People with basic understanding on the stricture of neural network (NN) know that back-propagation is essential algorithm that optimizes NN's parameters. The simplified procedure is:
Based on the current weights, the final output layer calculates the weighted sum of all the previous neurons.
Establish a loss function to represent the difference between the desired output value and actual output value.
Calculate the gradient of the loss function and update the weights by taking one small step towards the opposite direction of the gradient.
Repeat step 3 iteratively until the gradient becomes extremely low. At this point, we have our model that fits the training data best. This is what we know as gradient descent as shown in figure below.
Landscape of neural network
Now let's extend the function in figure above to a neural network with a total number of 5000 weights connecting each neurons. Let's imagine a multi-dimensional landscape as depicted in figure below. We vertically cut the landscape 5000 time on different direction. Each cut represents a weight dimension and the height represents the loss function's output.

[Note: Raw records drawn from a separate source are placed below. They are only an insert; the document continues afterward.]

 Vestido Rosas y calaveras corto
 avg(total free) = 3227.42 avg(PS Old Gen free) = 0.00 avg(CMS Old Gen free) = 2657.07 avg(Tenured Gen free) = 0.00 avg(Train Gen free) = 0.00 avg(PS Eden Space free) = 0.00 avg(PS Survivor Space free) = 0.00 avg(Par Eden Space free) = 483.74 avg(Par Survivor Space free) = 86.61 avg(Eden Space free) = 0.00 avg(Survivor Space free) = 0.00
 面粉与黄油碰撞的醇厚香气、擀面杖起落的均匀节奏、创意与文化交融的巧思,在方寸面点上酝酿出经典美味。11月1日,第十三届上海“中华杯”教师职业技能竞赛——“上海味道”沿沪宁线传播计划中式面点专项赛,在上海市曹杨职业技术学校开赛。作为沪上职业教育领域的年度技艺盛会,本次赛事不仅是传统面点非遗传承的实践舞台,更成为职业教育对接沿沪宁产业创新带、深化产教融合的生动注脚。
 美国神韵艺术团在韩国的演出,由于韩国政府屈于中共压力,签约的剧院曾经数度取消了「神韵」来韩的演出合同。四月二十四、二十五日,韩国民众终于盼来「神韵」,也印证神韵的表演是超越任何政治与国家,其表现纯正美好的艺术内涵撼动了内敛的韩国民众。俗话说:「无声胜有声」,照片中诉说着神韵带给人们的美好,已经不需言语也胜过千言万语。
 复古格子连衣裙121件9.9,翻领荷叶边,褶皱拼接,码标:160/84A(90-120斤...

We want the gradient descent eventually push the weights down to the global minimum where, by definition, the partial gradient of each dimension out of 5000 become near zero. However, if we look at the figure carefully, global minimum is not the only place that meets this criterion. Local minimum, saddle point and plateau are also such places. At these area, the gradient on every dimension (direction) "vanishes" and the weight update become extremely slow. At the worst case, the model stops training and returns the "optimized" model. When the amount of parameter is high and the model is complex, you can imagine the complexity of the landscape. For these special area, model's ability to escape depends on the actual "landscape" of the area.
The likelihood of escaping from a local minimum depends on how "deep" the valley is. The depth of the valley is proportional to the number of samples the model fits. shallow valley probably only fits for a small portion of samples. When different mini-batch is fetch to the model, BetweenSampleVariantion can easily help the model escaping from the valley. Valleys that can eventually trap the model are usually relatively deep. That is why models are usually perform adequately.

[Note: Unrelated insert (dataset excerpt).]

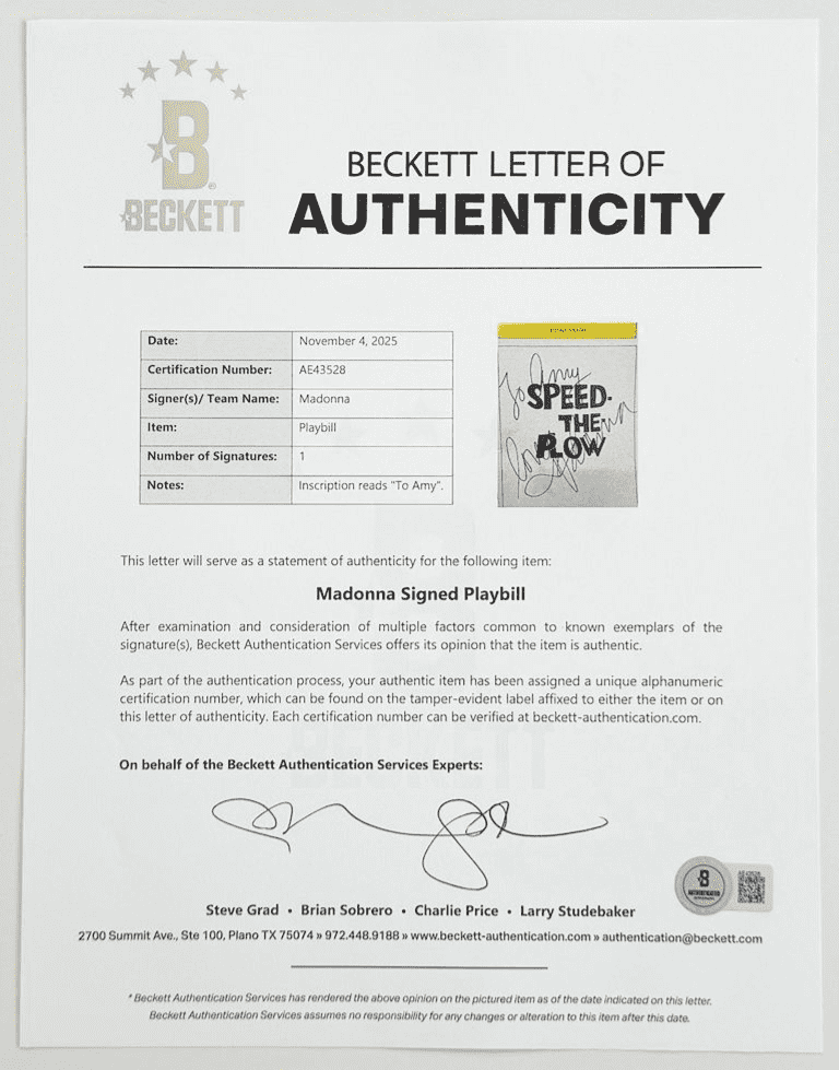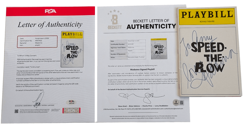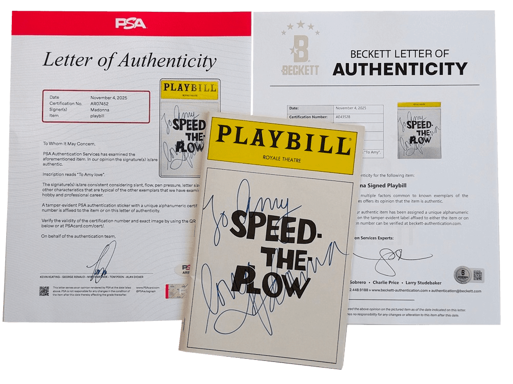 A scarce theatre playbill featuring a photo of "Madonna, Ron Silver & Joe Magenta" inside measures approximately 8.5" x 5.5". A unique item personally signed by Madonna 37+ years ago, comes with provenance authenticated by the well renowned 'Beckett' authentication service (BAS) & also "PSA" authentication services & includes two Letters of Authenticity which are both numbered & watermarked. (you can also scan the QR code on the letters / certificates which takes you directly to the authenticated item on both the Beckett & PSA websites which acts as lifelong provenance from two of the most respected companies for authenticating such items)

Saddle point is place where not all gradients of each dimension is towards the same direction. Considering the high dimension, when the gradient descent become really slow, the model most likely ( P = 1-0.5**5000 ) encounters saddle point instead of local / global minimum. The likelihood of escaping from this depends on the number of dimension on which the gradient is to the opposite direction. The number of dimensions towards the opposite direction is proportional to the number of weights that fit the current training data. The more dimensions towards the downhill, the more easily the model escapes the saddle point.
At the plateau, the gradient at each dimension is still near 0 and the model updates slowly as well. The plateau area can be viewed as case when large variation exist between many training data and therefor the loss function'output value is large. If the plateau area is large and really plaint, such area poses more threat to the model training.
Despite that we have trying to reach the global minimum, we should keep in mind that the global minimum may not be the optimal parameters for the model but the place where the model overfits. Instead, there may be a number of local minimum across the landscape that give model better performance.